At least two tongue-in-cheek scientific studies have been conducted on the subject, each of which concluded that apples can be compared with oranges reasonably easily and on a low budget, and the two fruits are quite similar.

The first study, conducted by Scott Sandford of the NASA Ames Research Center, used infrared spectroscopy to analyze both apples and oranges. The study, which was published in the satirical science magazine Annals of Improbable Research, concluded: "... the comparing apples and oranges defense should no longer be considered valid. This is a somewhat startling revelation. It can be anticipated to have a dramatic effect on the strategies used in arguments and discussions in the future."
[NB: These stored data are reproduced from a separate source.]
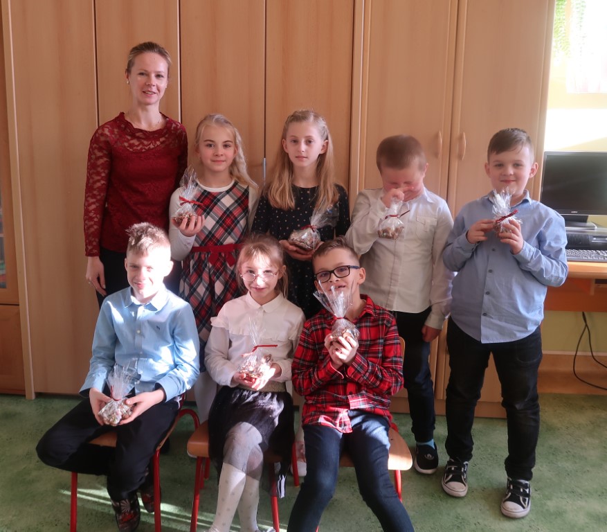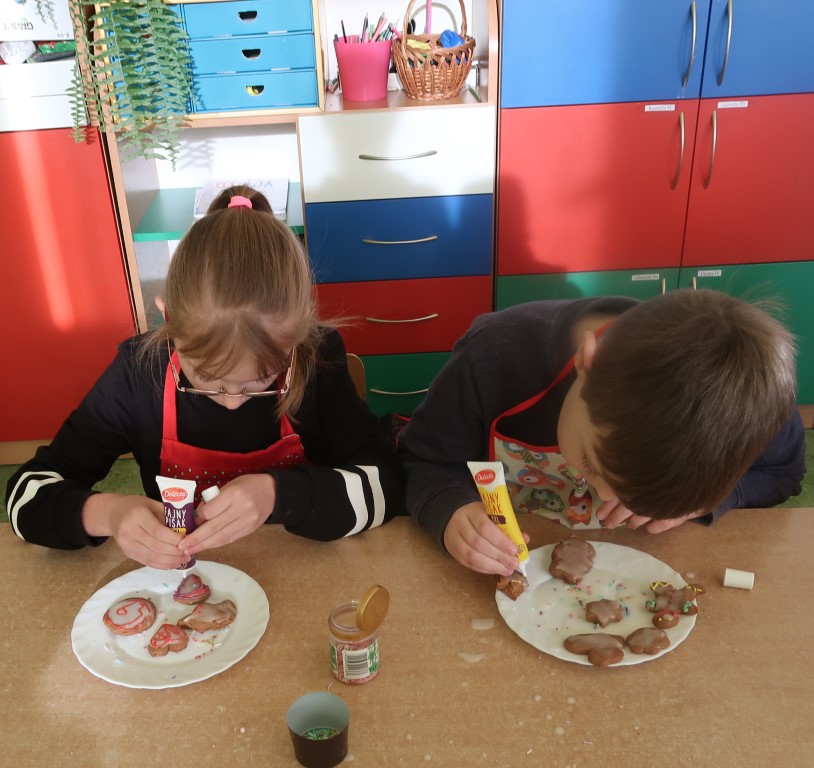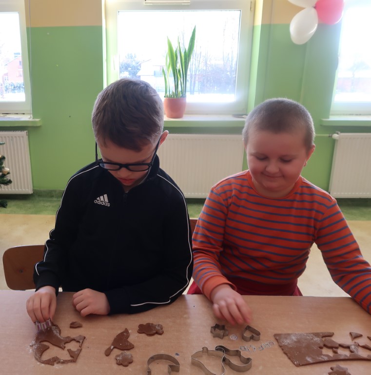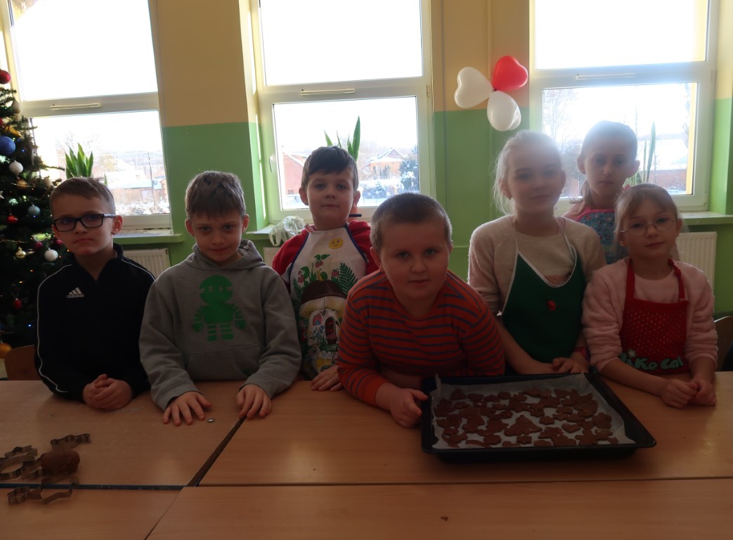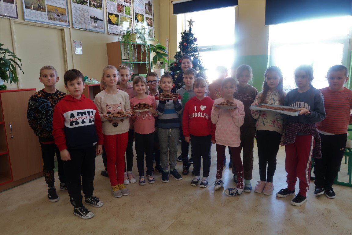 19 grudnia zgodnie z przedświąteczną tradycją uczniowie z klas I-III wraz z wychowawcami, upiekli pyszne pierniczki. Uczniowie mieszali składniki, wygniatali i wałkowali ciasto według przygotowanego wcześniej przepisu. Wszystkim podobało się wykrawanie świątecznych kształtów – choinek, gwiazdek, serduszek, przy pomocy foremek. Podczas pieczenia pierników w całej szkole unosił się wspaniały zapach, który wprawił wszystkich w świąteczny nastrój. Największą radość dzieciom sprawiło ozdabianie pierników za pomocą kolorowych pisaków i barwnych posypek. Zabawa była doskonała, a pierniczki wyszły przepięknie.
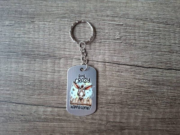 De sleutelhanger is handgemaakt van een Zilverkleurige Tag met een leuk plaatje met Tekst aan 1 zijde !!
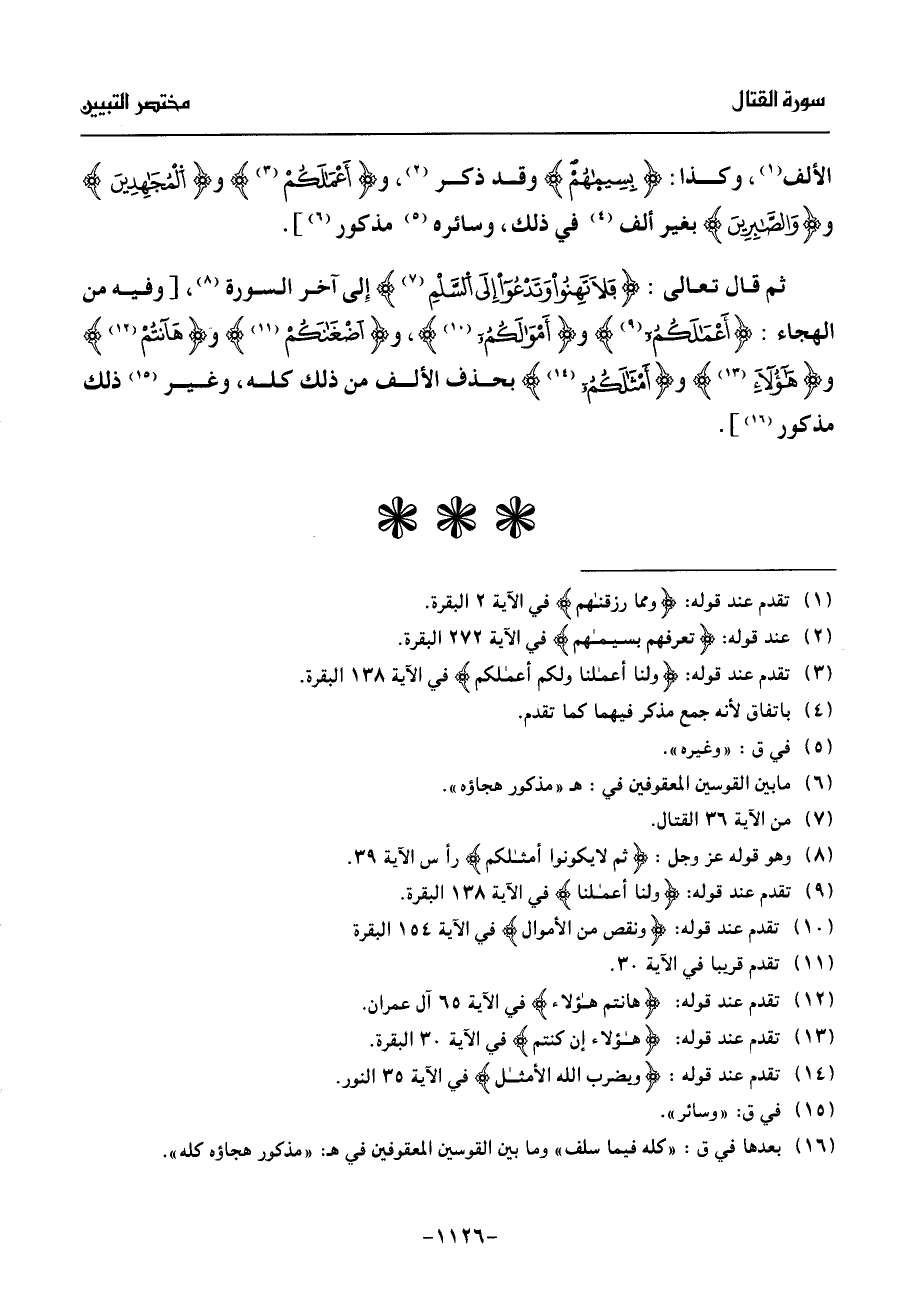 ثم قال تعالى: فلا تهنوا وتدعوا إلى السّلم (¬7) إلى آخر السورة (¬8)، [وفيه من الهجاء: اعملكم (¬9) وأموالكم (¬10)، واضغنكم (¬11) وهانتم (¬12) وهؤلاء (¬13) وأمثلكم (¬14) بحذف الألف من ذلك كله، وغير (¬15) ذلك مذكور (¬16)].

A second study, written by Stamford Hospital's surgeon-in-chief James Barone and published in the British Medical Journal, noted that the phrase apples and oranges was appearing with increasing frequency in the medical literature, with some notable articles comparing "Desflurane and propofol" and "Salmeterol and ipratropium" with "apples and oranges". The study also found that both apples and oranges were sweet, similar in size, weight, and shape, that both are grown in orchards, and both may be eaten, juiced, and so on. The only significant differences found were in terms of seeds (the study used seedless oranges), the involvement of Johnny Appleseed, and color.

The Annals of Improbable Research subsequently noted that the "earlier investigation was done with more depth, more rigour, and, most importantly, more expensive equipment" than the British Medical Journal study.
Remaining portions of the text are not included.